Em sua volta do México, o papa Francisco mostrou mais uma vez seu pragmatismo ao abrir a porta para o uso de contraceptivos para prevenir o vírus da zika.
"O aborto não é uma questão qualquer, é um crime", enquanto "evitar uma gravidez não é um mal absoluto", disse o papa Francisco à imprensa, em alusão aos métodos contraceptivos.
Essa abertura, embora tímida, provocou alguma questões: o Vaticano estaria deixando de lado um de seus elementos fundamentais da doutrina da igreja católica sobre a proteção da vida?
Nada é menos certo, de acordo com especialistas.
Esta não é a primeira vez que o Vaticano mostra compreensão diante de situações particularmente dramáticas, como ressaltou o papa Francisco.
O pontífice fez uma clara distinção entre o aborto e os métodos contraceptivos e citou Paulo VI (1963-1978), que autorizou de forma excepcional o uso da pílula a religiosas do Congo que temiam ser estupradas por grupos armados que existiam no país.
Estes casos excepcionais não questionam a doutrina do Vaticano, que sempre combateu o aborto e a contracepção, mas sem colocá-los nos mesmo patamar. Esta condenação foi lembrada numa encíclica do papa Paulo VI, publicada em 1968, que desde então não foi modificada pelo Vaticano.
"Uma mudança de doutrina não se faz com declarações improvisadas. A encíclica 'Humanae Vitae' (1968) de Paulo VI continua em vigor", lembra o monsenhor Octavio Ruiz Arenas, arcebispo colombiano, durante muito tempo membro da Congregação para a doutrina da fé, entrevistado pela AFP.

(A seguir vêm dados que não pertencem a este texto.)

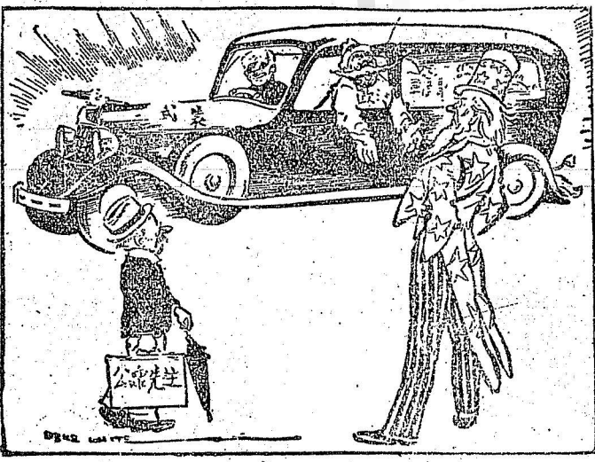
英國Glasgow Record 報

- 'Nenhuma ou pouca mudança' -
Foi a mesma interpretação, para seu desconsolo, que os representantes da associação americana Catholics for choice ('católicos pela escolha') tiveram. As palavras do papa "representam pouca ou nenhuma mudança", ressaltou o presidente Jon O'Brien, em comunicado.
"Mais grave, essas palavras são perigosas, pelo menos no que diz respeito ao aborto. Já sabemos que quando as mulheres estão desesperadas a ponto de interromper a gravidez, e que elas não têm acesso aos serviços legais e seguros, muitas podem recorrer a abortos clandestinos, e perigosos", apontou O'Brien.
Outras associações veem nas declarações do papa um sinal importante. "Podemos e devemos fazer mais, mas as palavras do papa são um primeiro passo na direção certa", afirmou a ONG brasileira Católicas pelo direito de decidir.
Sobre a contracepção, Francisco reconheceu, ao voltar da África no final de novembro, "uma perplexidade" da igreja sobre a questão do uso do preservativo para lutar contra a aids. Ele considerou que era "um dos métodos", mas que a África tem "feridas mais profundas".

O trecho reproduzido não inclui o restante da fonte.